**TASK GOAL:** For this task, extract exactly the lines of the data below, from the line containing "Россия может рассмотреть" through the last one, with pictures left out.

**SOURCE DATA:**
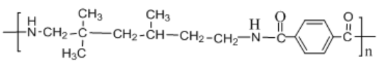 英文名:Semi-aromatic nylon,又稱無(wú)定形聚酰胺,化學(xué)名稱為:聚對(duì)苯二甲酰三甲基己二胺。其分子結(jié)構(gòu)式為:
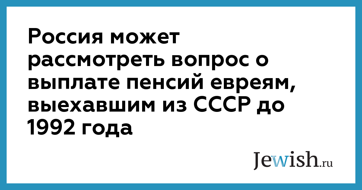 Россия может рассмотреть вопрос о выплате пенсий евреям, выехавшим из СССР до 1992 года
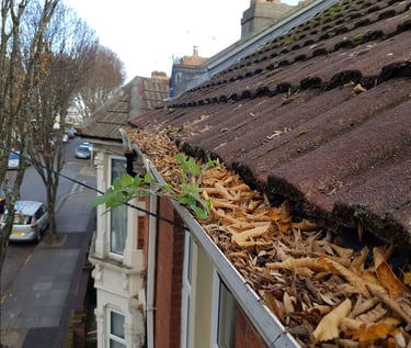 We offer a professional gutter cleaning service. Why is it so important? Clogged gutters (leaves, moss and other debris) can cause water damage to both the inside and outside of your property. Neglected guttering could lead to expensive repair bills.

**RESULT OF THE TASK:**
 Россия может рассмотреть вопрос о выплате пенсий евреям, выехавшим из СССР до 1992 года
 We offer a professional gutter cleaning service. Why is it so important? Clogged gutters (leaves, moss and other debris) can cause water damage to both the inside and outside of your property. Neglected guttering could lead to expensive repair bills.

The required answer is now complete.